Friday, June 26, 2009

That She Might Bond to Me, Covalently


I held Riley in my arms…


I flew, carving star flecked heavens

and etching wild grass to triumph underfoot.

Of the east I beckoned the rise. And

of the west I bade the set.

I gasped streams that ebbed breath

and shouted rocks that rose to fortress.


I gnarled my wrists to branches

and twisted my toes to roots. I stood erect,

a tree of knowledge,

that some might be spared,

that the stiff chutes of arteries might bear life,

that the veins then might imbibe death.


Then I ripped my childhood

into strips. I

wove them, tattered, and

adorned them, scattered,

around her neck,

that she might hold my

childhood as her own,

a world with four walls.


I held Riley in my arms as she wheezed through her breathing apparatus.

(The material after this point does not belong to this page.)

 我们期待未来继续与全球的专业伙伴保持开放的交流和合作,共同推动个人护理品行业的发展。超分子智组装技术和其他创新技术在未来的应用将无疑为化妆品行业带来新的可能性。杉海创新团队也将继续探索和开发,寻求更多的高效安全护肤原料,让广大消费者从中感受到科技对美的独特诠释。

She will never heed the lessons of the circle hole and the square peg,

it’s that wisdom that eludes me now. I’m whispering triangles and cussing squares,

I will not see it.


The essence of fluorescence holds me taut, now,

a tree of false fruit. That I may be His equal. That God

may enter her lungs and do anything save choke.

She coughs on a breath, We forgot how make air small enough for her.

We shouldn’t have rested on the seventh.


The pegs just won’t fit. Suddenly I’m eight and in preschool and crying, and she never will be.